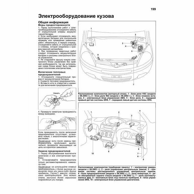 В руководстве дается пошаговое описание процедур по эксплуатации, ремонту и техническому обслуживанию переднеприводных и полноприводных автомобилей Toyota FunCargo 1999-2005 гг. выпуска, оборудованных бензиновыми двигателями 1NZ-FE (1,5 л) и 2NZ-FE (1,3 л). Издание содержит руководство по эксплуатации, подробные сведения по техническому обслуживанию автомобиля, диагностике, ремонту и регулировке систем двигателя (в т.ч. системы впрыска топлива, системы изменения фаз газораспределения (VVT-i), системы зажигания, запуска и зарядки), автоматических коробок передач, элементов тормозной системы (включая антиблокировочную систему тормозов (ABS), противобуксовочную систему (TRC), систему курсовой устойчивости (VSC)), рулевого управления, подвески, кузовных элементов, систем кондиционирования и вентиляции (AC), системы пассивной безопасности (SRS). Приведены инструкции по диагностике 8 электронных систем: системы… управления двигателем, АКПП, систем улучшения управляемости автомобиля (ABS, TRC, VSC), SRS, MultiVision, аудиосистемой.
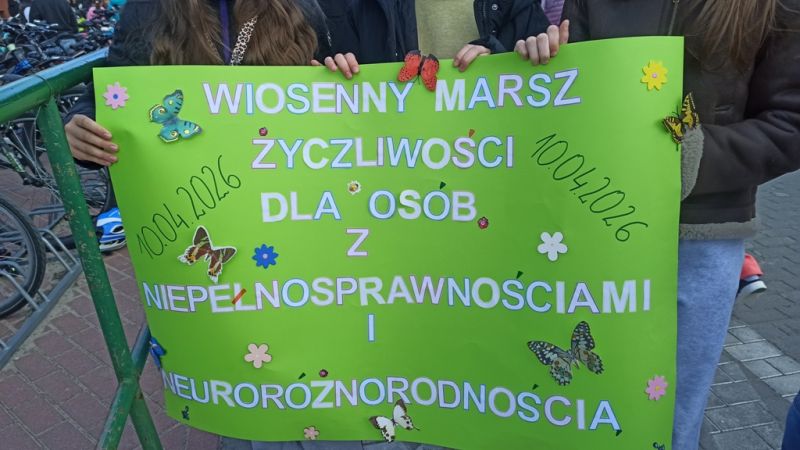 10 kwietnia 2026 roku w naszej szkole odbył się wyjątkowy Wiosenny Marsz Życzliwości dla Osób z Niepełnosprawnościami i Neuroróżnorodnością. Było to pełne ciepła i solidarności wydarzenie, w którym wzięli udział uczniowie klas 1-3 oraz 4-8, pokazując, jak ważne są wzajemny szacunek, akceptacja i wsparcie. Razem przeszliśmy, aby podkreślić, że każdy z nas jest ważny i zasługuje na zrozumienie oraz miejsce w społeczeństwie.
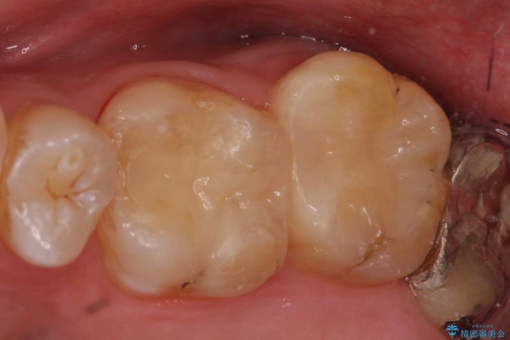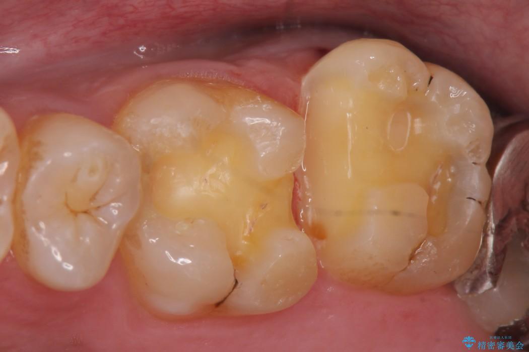 古い詰め物を外し、白く審美性の高いセラミックインレーにて再治療を行うこととしました。
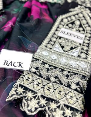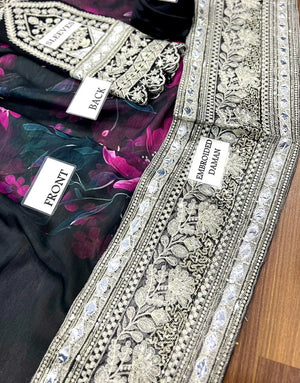 Adorable Floral Print Embroidered Chiffon Party Wear Maxi Design for Girls
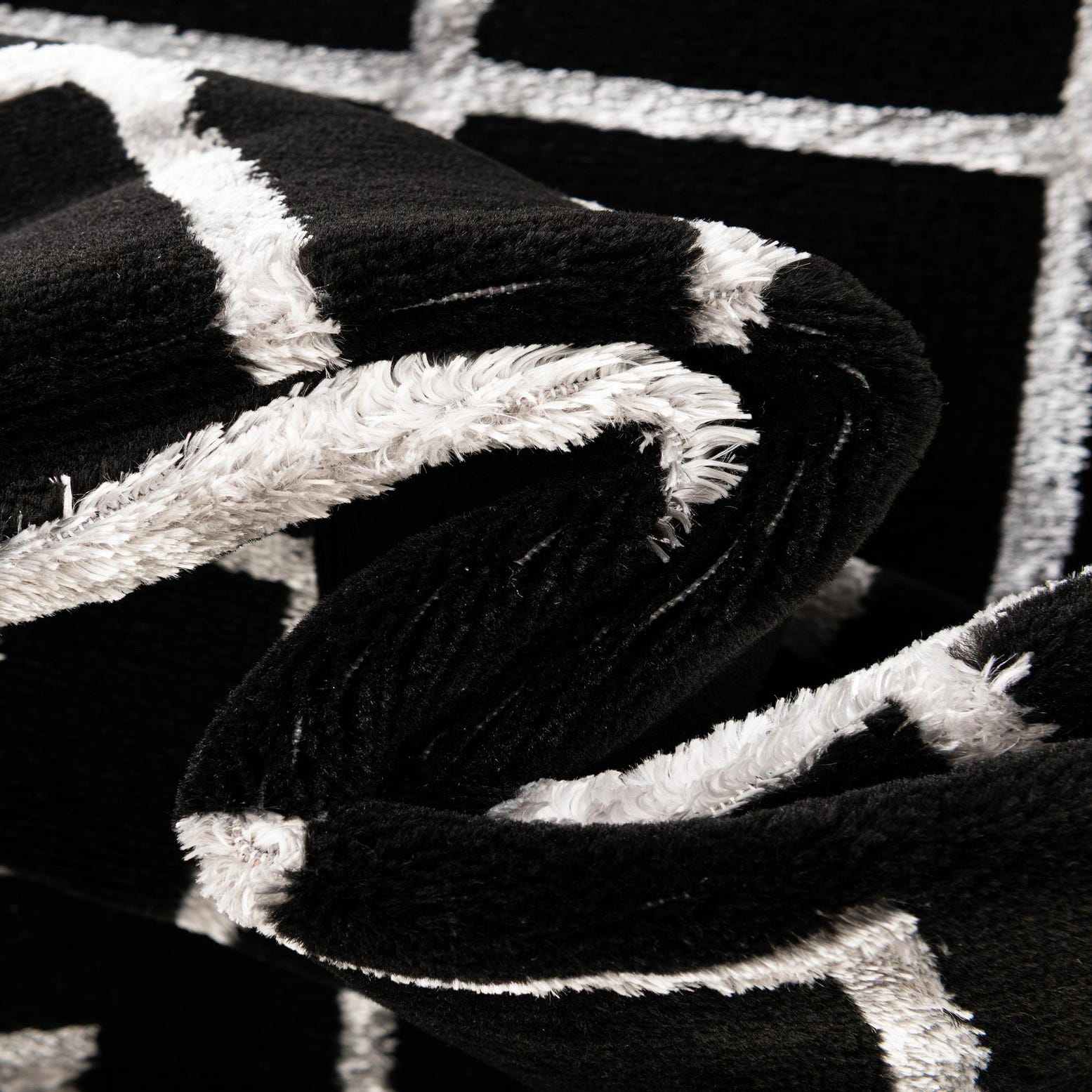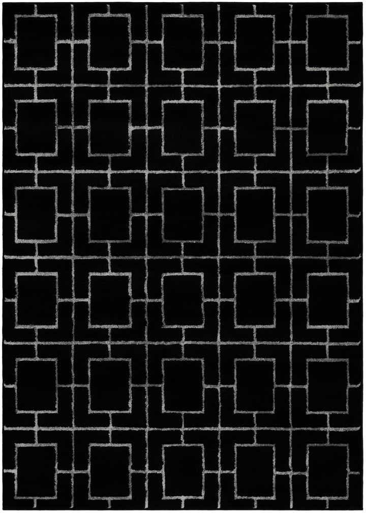 Bold geometric trellis work gives this rug a modern, glamorous feel. Rectangular motifs are linked in a repeating grid, the metallic silver outlines set against a deep black field for a high-contrast graphic look. The pile has a low-profile, velvety hand where the black areas feel smooth and the silver lines offer a slight sheen and tactile variation, the result of a machine-made construction in 70% polypropylene and 30% polyester.

------------------------------------

WHAT THE TASK REQUIRES:
Exactly restate the lines from the one holding "10 kwietnia 2026" to the final line of the records above, including both and excluding pictures.

SOLUTION FOR THIS TASK:
 10 kwietnia 2026 roku w naszej szkole odbył się wyjątkowy Wiosenny Marsz Życzliwości dla Osób z Niepełnosprawnościami i Neuroróżnorodnością. Było to pełne ciepła i solidarności wydarzenie, w którym wzięli udział uczniowie klas 1-3 oraz 4-8, pokazując, jak ważne są wzajemny szacunek, akceptacja i wsparcie. Razem przeszliśmy, aby podkreślić, że każdy z nas jest ważny i zasługuje na zrozumienie oraz miejsce w społeczeństwie.
 古い詰め物を外し、白く審美性の高いセラミックインレーにて再治療を行うこととしました。
 Adorable Floral Print Embroidered Chiffon Party Wear Maxi Design for Girls
 Bold geometric trellis work gives this rug a modern, glamorous feel. Rectangular motifs are linked in a repeating grid, the metallic silver outlines set against a deep black field for a high-contrast graphic look. The pile has a low-profile, velvety hand where the black areas feel smooth and the silver lines offer a slight sheen and tactile variation, the result of a machine-made construction in 70% polypropylene and 30% polyester.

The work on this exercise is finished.